Hello everyone,
I wanted to share with you the securing of Active Directory from a Group Policy Object GPO point of view.
===========================================================
As an overview I propose this link where we discuss AD Windows security in general.
Version 28 Sep 2021 #13 in the Blue Cyber Education Series
==========================================================
We will now proceed to analyse and implement hardening best practices for an Active Directory system via the "Microsoft Security Compliance Toolkit 1.0".
ATTENTION: In order to implement the following Security GPOs, it is necessary to create a lab.
Many security GPOs could compromise various features of the Domain\users\computers object and applications.
It is strongly recommended to carefully analyse and test each GPO before bringing it into production.
Link to the documentation & Download:
https://learn.microsoft.com/en-us/windows/security/threat-protection/windows-security-configuration-framework/security-compliance-toolkit-10
https://www.microsoft.com/en-us/download/details.aspx?id=55319
Download and unpack the downloaded package.
- Using the Policy Analyser you can compare the SCT GPO best practices with your own GPOs that you have implemented.
- Extract PolicyAnalyzer.zip
- For example, let's extract Windows Server 2012 R2 Security Baseline.zip
- Run PolicyAnalyzer.exe
- Go to the path where you extracted the Windows 2012 R2 security baseline and import it.
- Set the paths
- click on View/Compare to display the imported baseline.
- To compare with the configurations on your Domain Controller click on the Compare to Effective State button, which compares the selected baseline with the current system state. In the Policy Viewer you will be able to see the results and compare the two columns with the settings on the left and the settings suggested by Microsoft (which you imported) on the right.

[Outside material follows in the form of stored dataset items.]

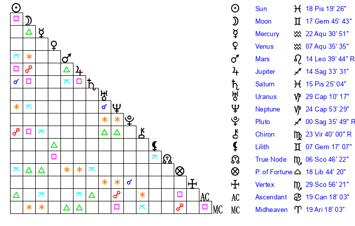 Moon | 17 Gemini 37 | 22 Cancer 27 | 19 Cancer 27 |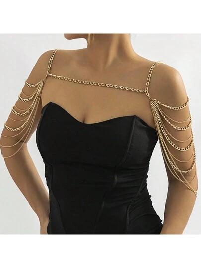 1pc Asymmetrical Sexy Multi-Layer Tassel Body Chain, Fashionable Charm Jewelry For Women, Perfect Gift For Friends, Party Or Festival - Yellow Gold - View 1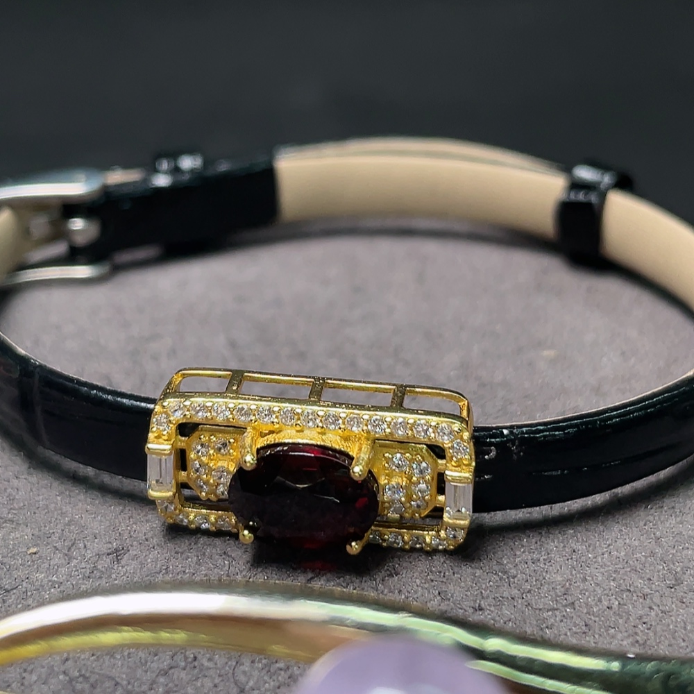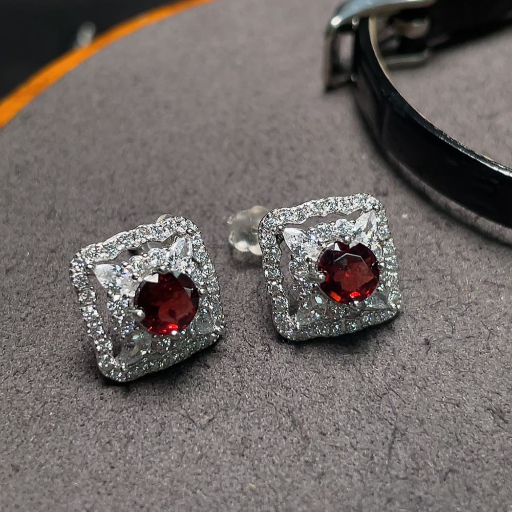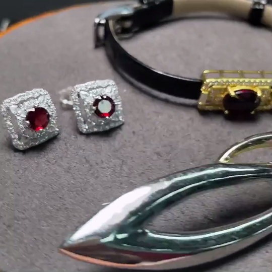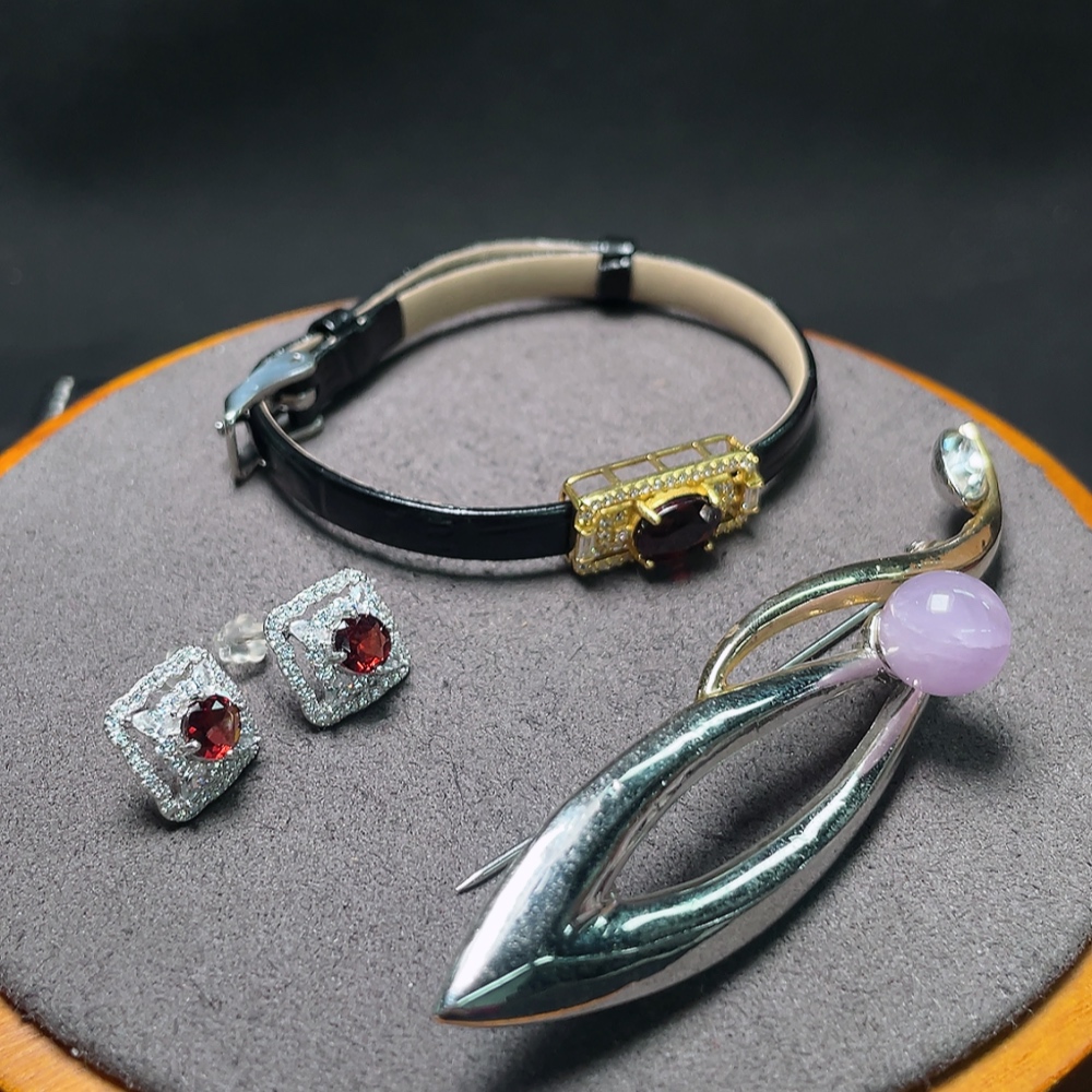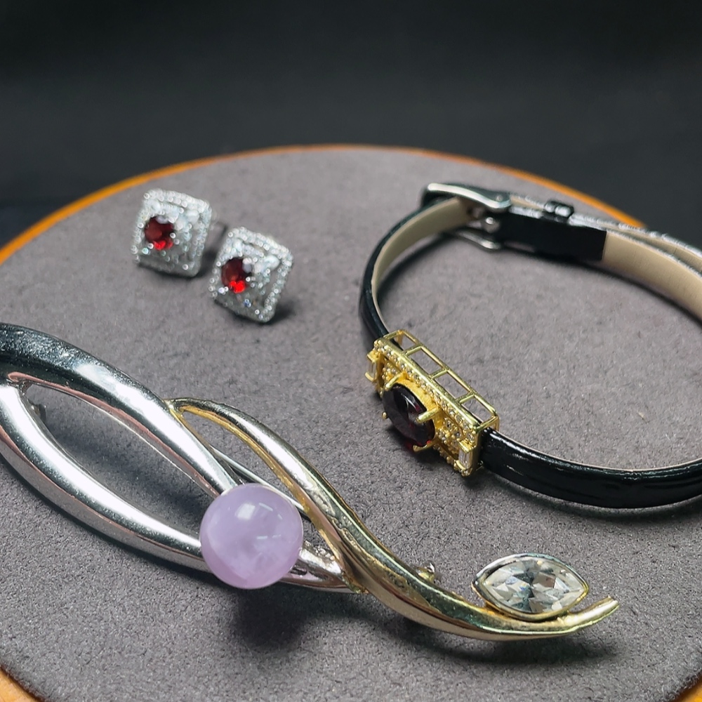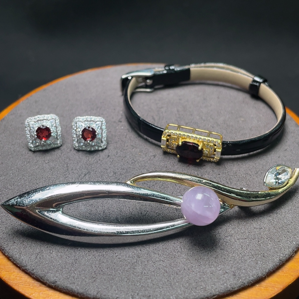 Trezaar - Garnet Ear Jewelry + Garnet Hand Jewelry + Crystal Brooch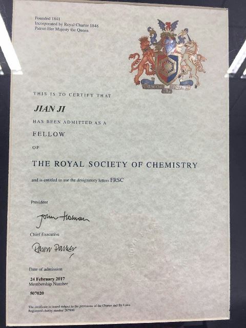 英国皇家化学会会士(Fellow of Royal Society of Chemistry)是英国皇家化学会授予在化学、应用化学和化学学术服务等领域做出重要贡献的科学家的荣誉,每年全世界仅有十余位杰出的科学家当选。计老师能够获此殊荣,显见其学术成就或世界肯定。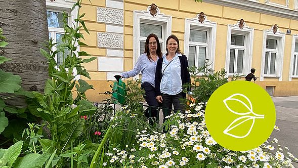 Stadtteilgärtnerinnen Petra und Edith zeigen wie sie mit ihrer Baumscheibe zu mehr Artenvielfalt im Grätzl beitragen! Mach mit und beantrage deine Baumscheibe!

- Identical values are displayed in white, conflicting settings are highlighted in yellow and absent settings in grey. The pane below shows the policy setting, location and other information associated with the selected row.

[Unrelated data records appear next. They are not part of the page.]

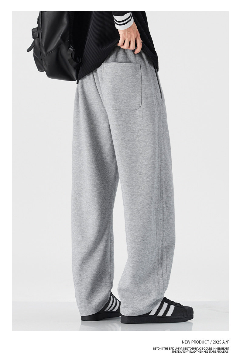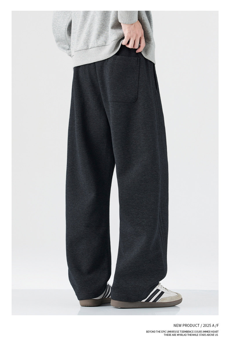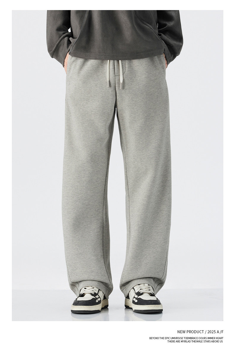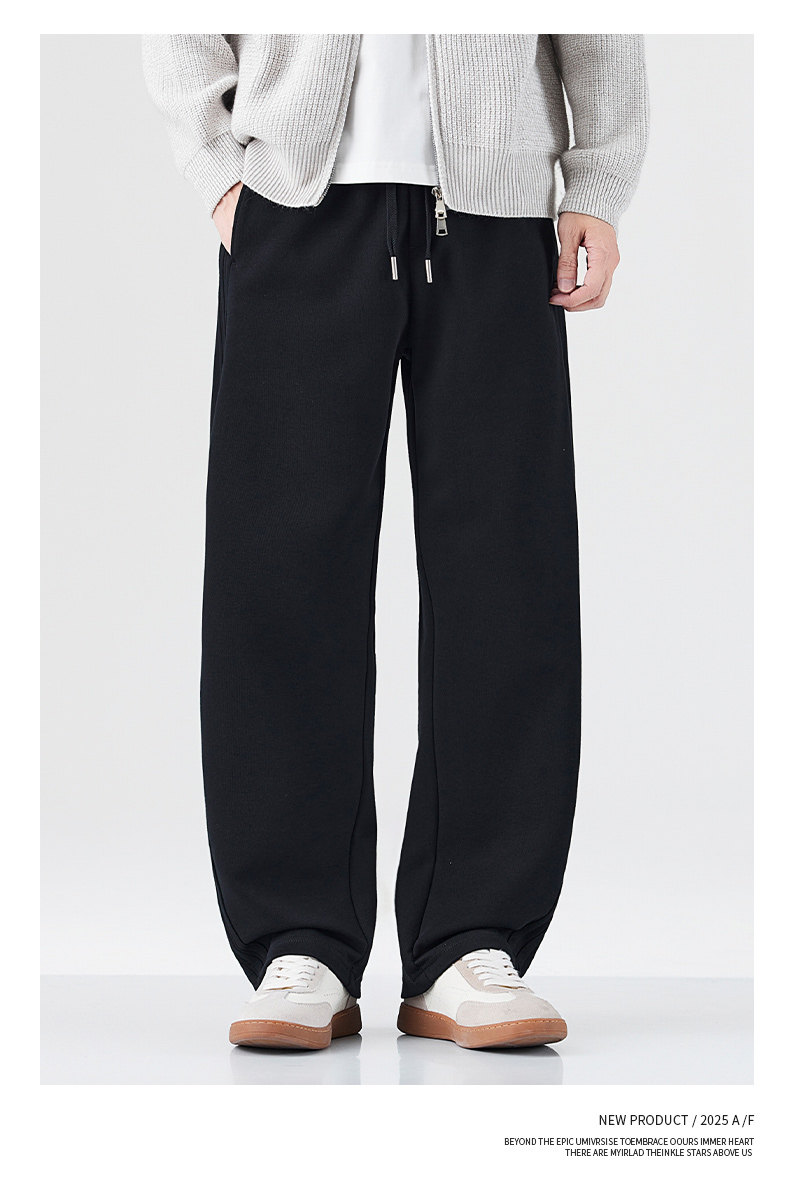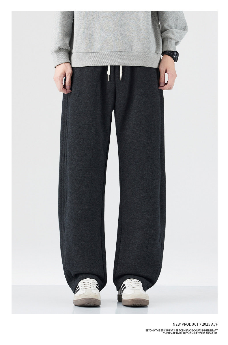 Pure Cotton 460g Heavyweight Curved Hem Sweatpants for Men, Winter Fleece-Lined, Warm, Loose Fit, Wide-Leg Straight Casual Pants for Teenagers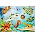 Но во время рыбалки можно, оказывается, поймать не только рыбу, но и морского конька, черепаху, краба. Вытащите все фигурки на стол. Предложите ребенку для начала найти каждому животному, назвав его, свое место на морском дне.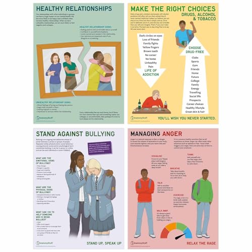 AnatomyStuff PSHE 15 PACK Poster-Kollektion, 45 x 60 cm, Lernset für Schulen, Gesundheit und Wohlbefinden Klassenzimmer-Poster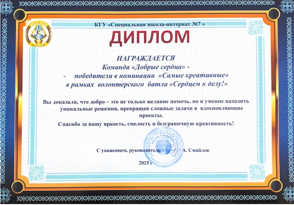 Іс-шара өте жарқын, қызықты және динамикалы түрде өтіп, барлық қатысушыларға жағымды эмоциялар сыйлады. Баттл қорытындысы бойынша біздің команда белсенді қатысқаны үшін дипломымен марапатталды — бұл студенттеріміздің еріктілік қызметін дамытуға қосқан үлесін айқын көрсетеді.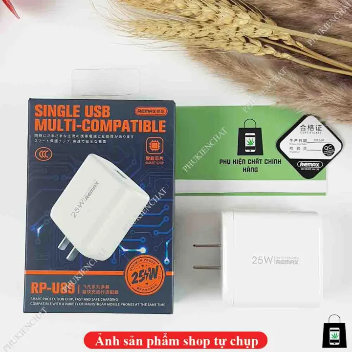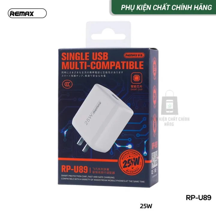 THÔNG TIN SẢN PHẨM: Củ sạc nhanh Remax RP-U89 cổng USB 25W hàng chuẩn hãng bảo hàng 12 tháng.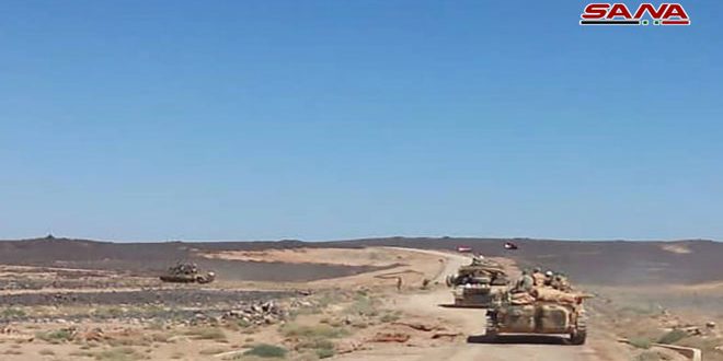 Soueidaa/L’armée syrienne, avec la coopération des forces alliées, a réalisé aujourd’hui une nouvelle progression dans le désert de Soueidaa et resserre l’étau sur les terroristes du réseau Daech qui se déploient sur les collines de Safaa dans le désert de Soueidaa, dans le cadre de ses opérations qui se poursuivent pour la libération de la banlieue est du gouvernorat du terrorisme.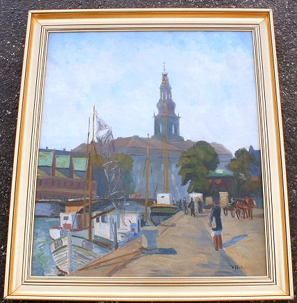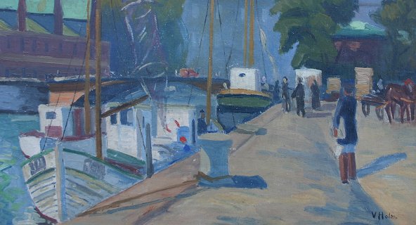 HOLM, V, (Danish, 20th C): Dock scene with figures, O/C, 29 1/4'' x 25 1/4'', signed lower right, encased in gilded molding, 33 1/2'' x 29 1/2''. Condition - Several minor flecks of paint loss, 2'' repaired tear in canvas bottom margin, needs cleaning.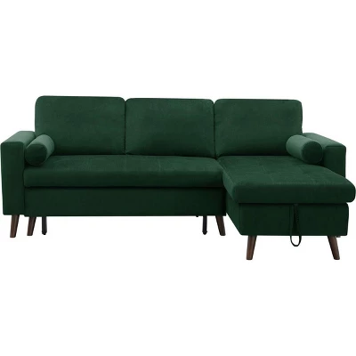 This sectional sofa features a reversible chaise with spacious storage space and a pull-out sleeper, making it a versatile and space-saving addition to any home.

- It is possible to export this to excel by installing the software.
- How to import GPO MSCT Hardening
- After comparing the results, you can deploy the baselines proposed by Microsoft. Extract the baseline version that matches the version of your operating system and import the administrative templates that you find in the Templates folder in the Central Store (PolicyDefinitions folder of SYSVOL)
- Create an empty GPO and import from the MSCT gpo template from backup.
- Example policy name:
-
Hardening Member Windows Server 2012 , 2019 ,2022
-
Hardening Domain Controller Windows Server 2012 , 2019 ,2022
-
- Import all GPOs pertaining to the O.S. and object type.
Doman Controllers
Members Servers
Users
Computers
- Change Windows Firewall GPO settings to allow Domain Controllers remote administration of member servers
- Add Windows Firewall: Allow remote administration exception
- You can apply GPOs via a WMI Filter per O.S.
- Test the WMI filter carefully to avoid applying policies on the wrong systems.
You are ready to take the propaedeutic tests
- There are many interesting utilities in the package to help automate and merge your GPOs
- It is possible to view all policy settings under 'GP reports' of each O.S. template
thank you for your attention if you would like to add info.